Tuesday, November 6, 2007

US Markets To Give Direction To KLCI

Stock Market Signals: A weekly column on Bursa Malaysia's performance and outlook by G.M. Teoh

THE KL Composite Index (KLCI) successfully vaulted the 1,400-point psychological barrier and made a new record high early last week, boosted by the higher US markets.

The rally failed to expand with values congesting for a couple of sessions and was followed by an abrupt sell-off on Friday influenced by a sharply lower Dow Jones. This forced the index to return all of its previous gains.

Investors are generally confused about the random nature of the KLCI. The US markets are all that matters these days.

Last week witnessed the meltdown in financial stocks in the United States and the Federal Reserve’s decision to cut rates by 25 basis points received an icy reception. Record high crude oil at US$96.20 a barrel continued to be ignored by market participants.

With worldwide markets at or near historic highs, the upside potential is lower compared with the downside risks. At this juncture, the markets can correct drastically for a lot of reasons.

The KLCI fell from a new high of 1,423.81 points to a week's low of 1,385.85. It rebounded on Friday to end the week with small losses at 1,397.48, off 0.87 point or 0.06% from previously.



Most of the main index-linked stocks recovered from earlier losses and ended the week in the minus column.

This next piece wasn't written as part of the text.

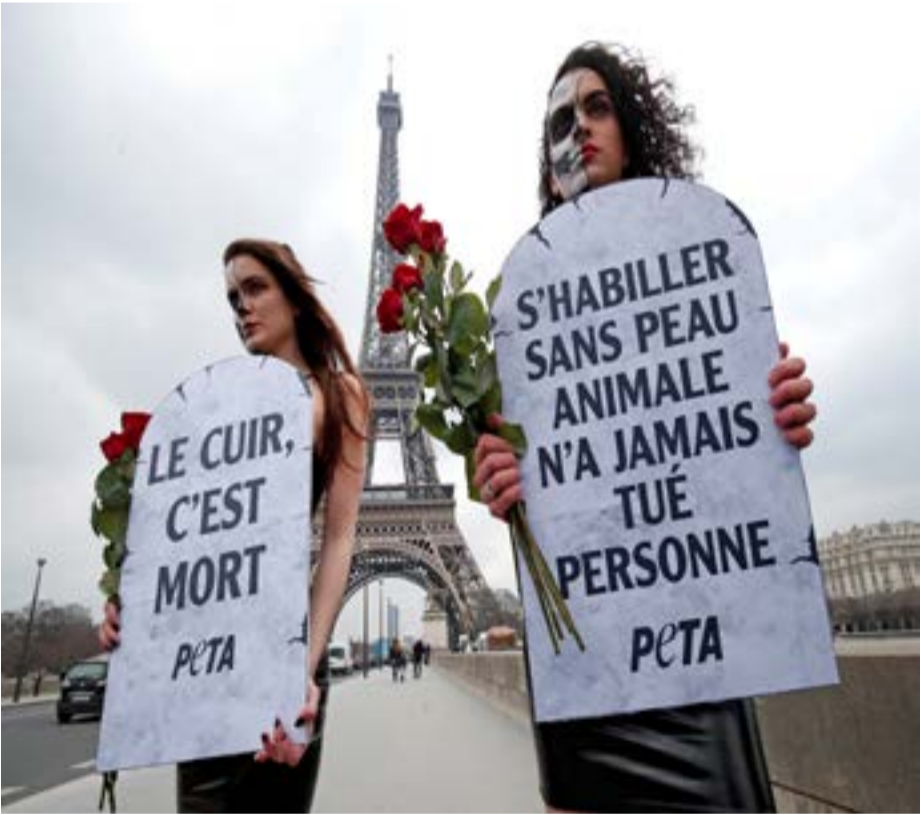
Activists from the People for the Ethical Treatment of Animals (PETA) demonstrate with slogans in protest of the designers continued use of leather in front of the Eiffel Tower during the Paris Fashion Week, in Paris

Maybank, Public Bank, Tenaga Nasional, MISC, Telekom, Genting, Petronas Gas, DiGi.com and RHB Capital settled with minor losses and took away a combined 7.67 points from the index.

IOI Corp, Bumiputra-Commerce, Plus Expressways, KL Kepong, and MMC Corp closed with minor gains and supported the index with a total 6.12 points.

Volume of the KLCI for the week rose to 1.04 billion compared with 897.73 million shares a week earlier. The daily average volume increased to 208.46 million from 179.55 million shares previously.

The candlestick chart closed the week negative with the formation of a “falling window”. This negative chart setting suggests the newly developed bearish cycle would continue.

An important chart hurdle now stands at the 1,405–1,420 level. The main trend could turn bullish again if these levels are vaulted this week.

Chart support for this week is seen at 1,390–1,380. Further downward adjustment would occur if these levels are breached.

Most of the daily technical indicators closed the week neutral to slightly negative and suggested the index would enter into sideways band trading in the immediate term.

The daily stochastic gave the short-term sell signal on Oct 31 and stayed negative for the near-term trend at Friday’s close. The oscillators per cent K and D settled the week sharply lower at 67.95% and 83.23% respectively.

The daily Money Flow Index (MFI) plunged from a week's high of 100 points and closed sharply lower near the neutral zone at 63.16. The MFI indicated that strong distribution took place last week.

The main trend-tracker, the 3- and 7-week exponentially smoothed moving-average price lines (ESA lines), remained in bullish divergence despite the strong drop last Friday and showed the main trend was still bullish.

The short-term trend-tracker, the 3- and 7-day ESA lines, ended in negative convergence at Friday’s close and showed the immediate-term trend was attempting a cycle reversal.

The 5-day Relative Strength Index plummeted from an oversold position at 83.10 points on Oct 31 and closed the week sharply lower at 52.15. At present, the daily RSI is indicating the immediate underlying strength of the index is neutral to slightly negative.